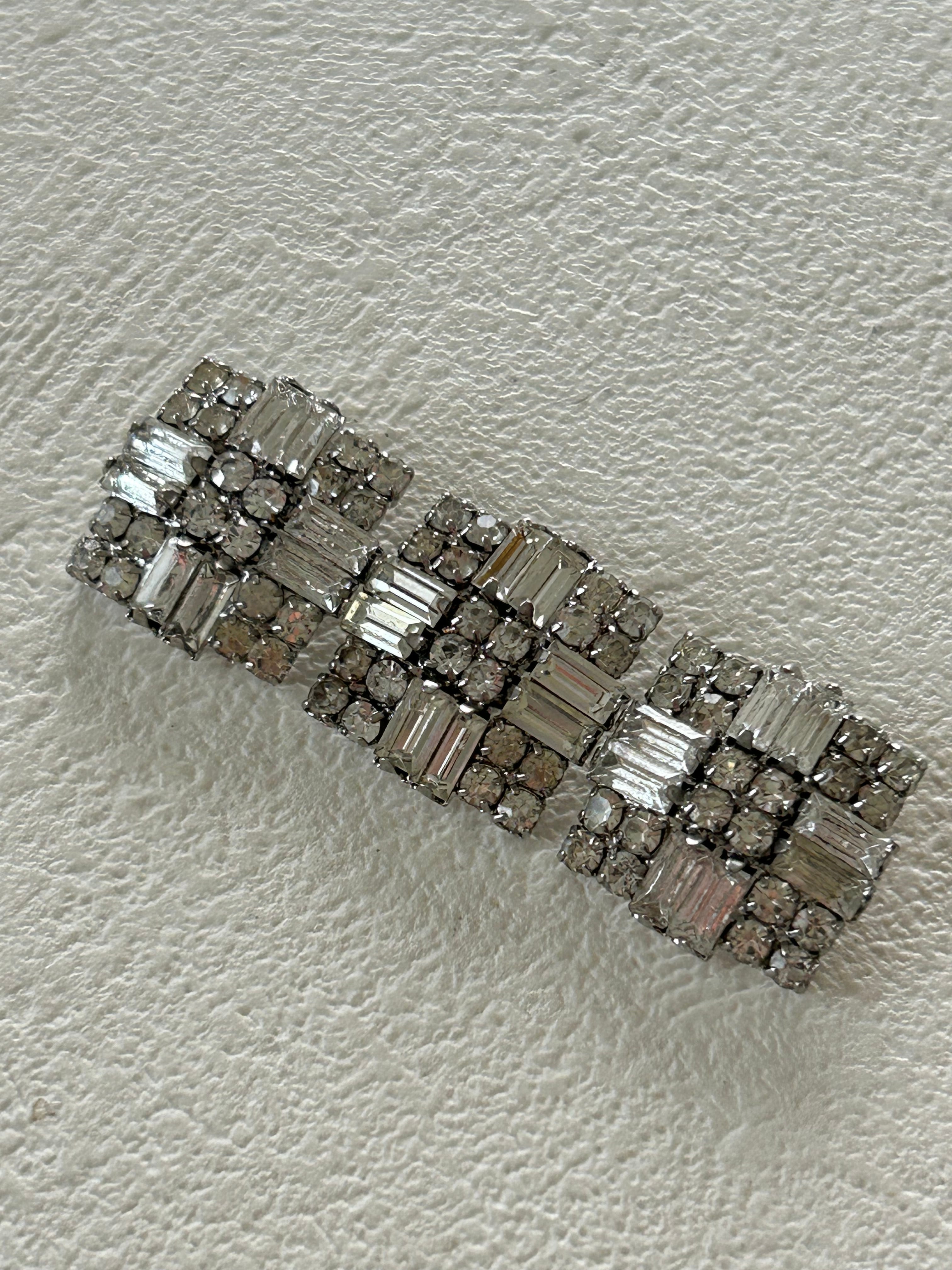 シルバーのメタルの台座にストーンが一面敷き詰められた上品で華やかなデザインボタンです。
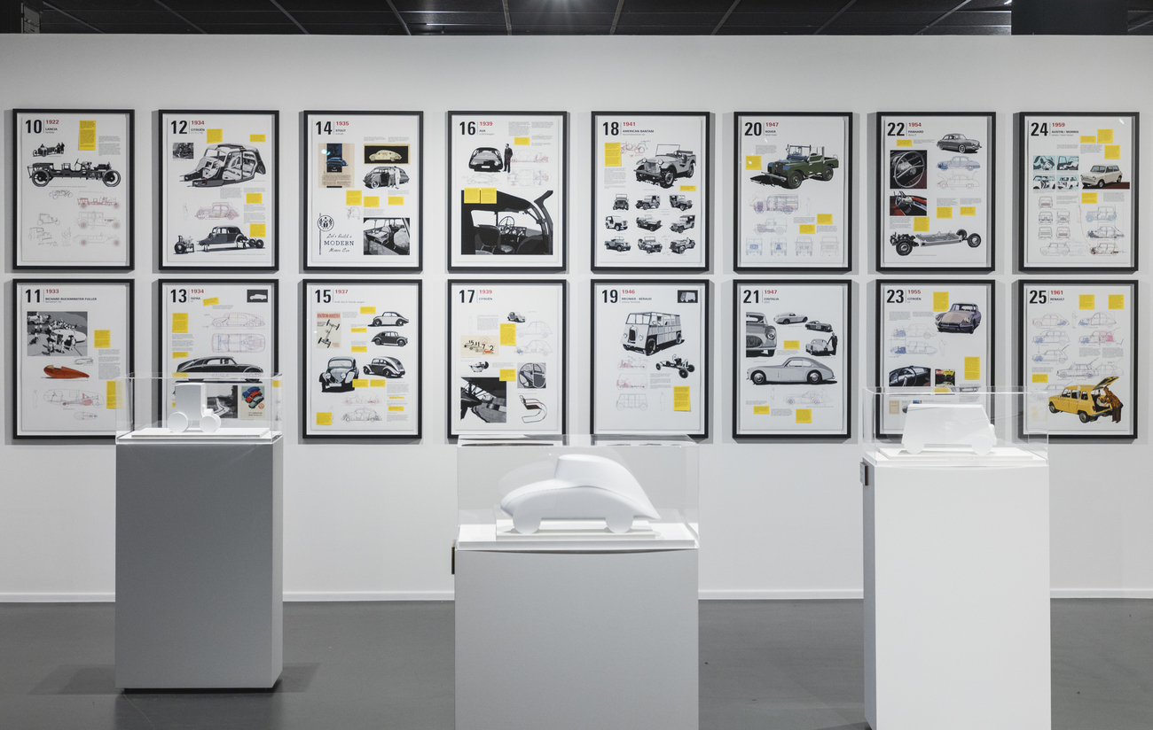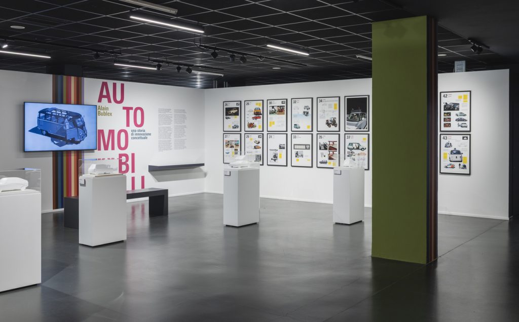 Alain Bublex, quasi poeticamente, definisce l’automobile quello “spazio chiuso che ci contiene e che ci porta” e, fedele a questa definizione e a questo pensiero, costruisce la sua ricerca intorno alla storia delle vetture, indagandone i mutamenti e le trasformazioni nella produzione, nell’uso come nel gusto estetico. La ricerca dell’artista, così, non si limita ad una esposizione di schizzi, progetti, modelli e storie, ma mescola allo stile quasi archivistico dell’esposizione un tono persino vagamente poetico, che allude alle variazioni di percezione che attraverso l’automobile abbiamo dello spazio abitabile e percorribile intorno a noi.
==
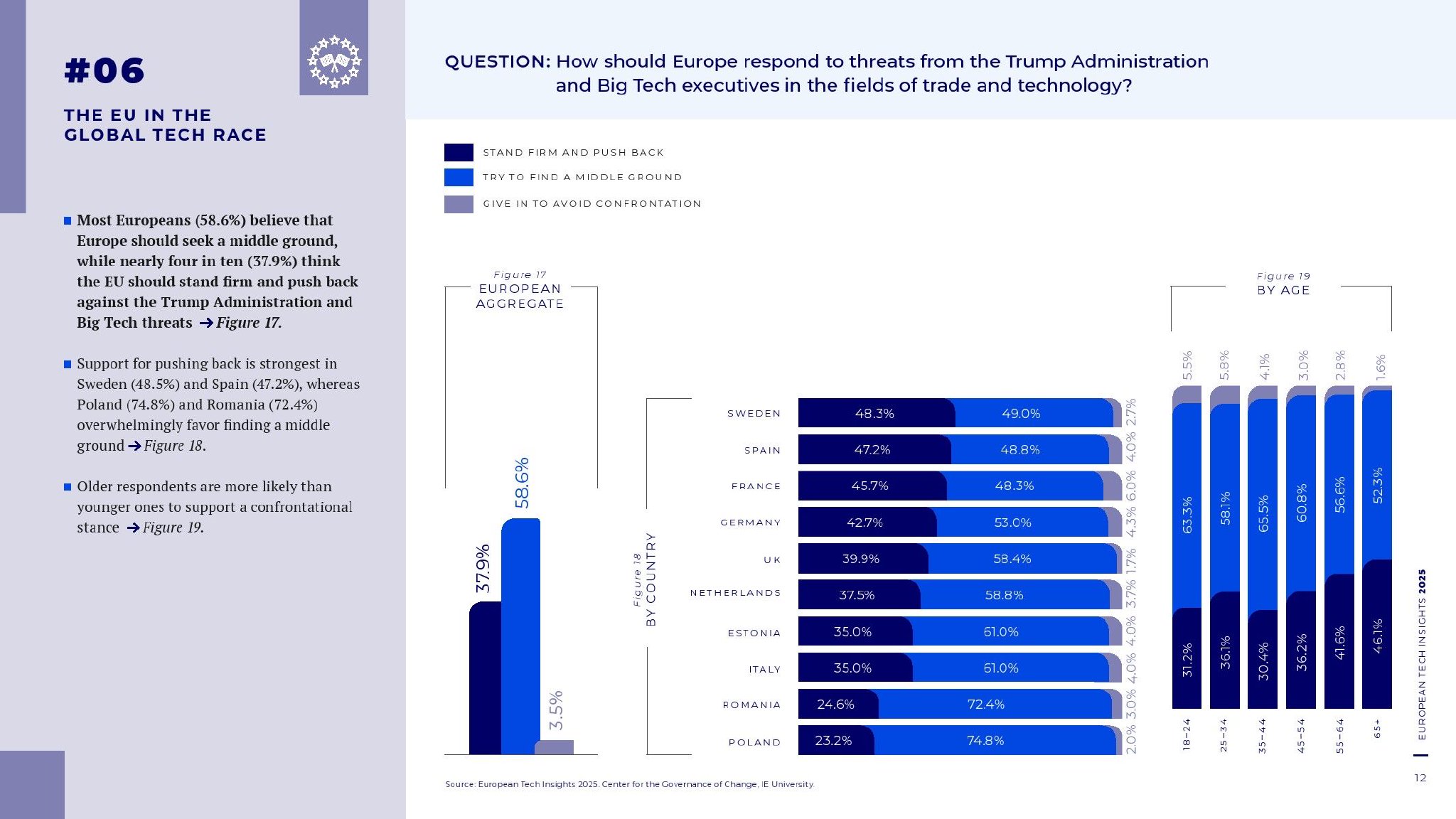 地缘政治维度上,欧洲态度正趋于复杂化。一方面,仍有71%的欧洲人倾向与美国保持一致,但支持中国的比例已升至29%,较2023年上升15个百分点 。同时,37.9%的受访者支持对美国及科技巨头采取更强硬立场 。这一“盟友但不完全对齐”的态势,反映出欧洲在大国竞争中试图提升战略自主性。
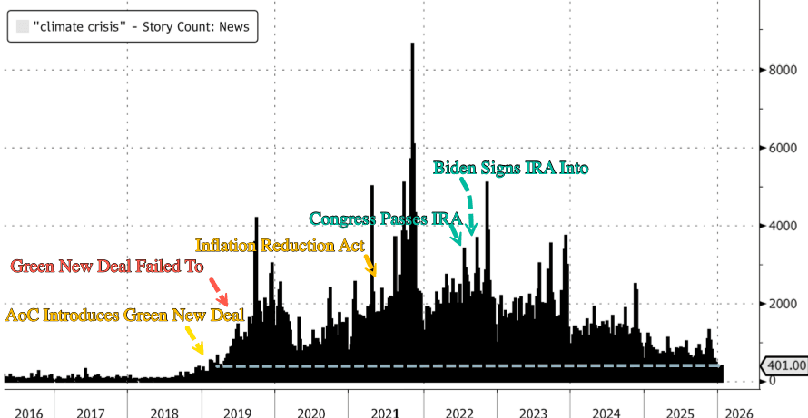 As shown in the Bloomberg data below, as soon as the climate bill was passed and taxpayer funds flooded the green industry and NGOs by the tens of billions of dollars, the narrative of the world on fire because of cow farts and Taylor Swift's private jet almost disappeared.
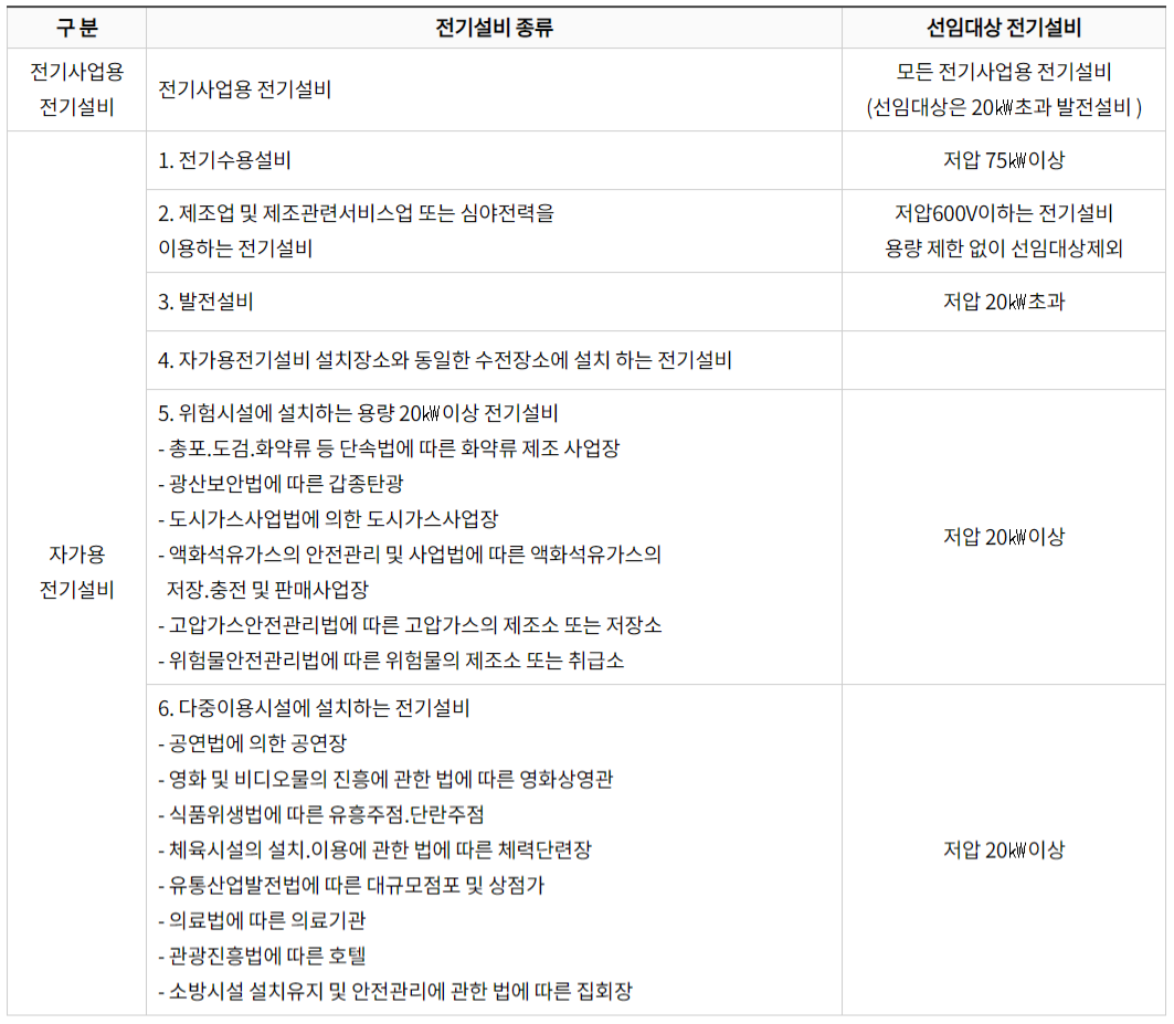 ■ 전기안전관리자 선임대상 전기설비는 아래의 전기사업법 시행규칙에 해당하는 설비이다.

Exercise prompt.
Reproduce the data above exactly, but only from the line containing "As shown in" through the line containing "시행규칙에 해당하는 설비이다."; skip the pictures.

Answer space.
 As shown in the Bloomberg data below, as soon as the climate bill was passed and taxpayer funds flooded the green industry and NGOs by the tens of billions of dollars, the narrative of the world on fire because of cow farts and Taylor Swift's private jet almost disappeared.
 ■ 전기안전관리자 선임대상 전기설비는 아래의 전기사업법 시행규칙에 해당하는 설비이다.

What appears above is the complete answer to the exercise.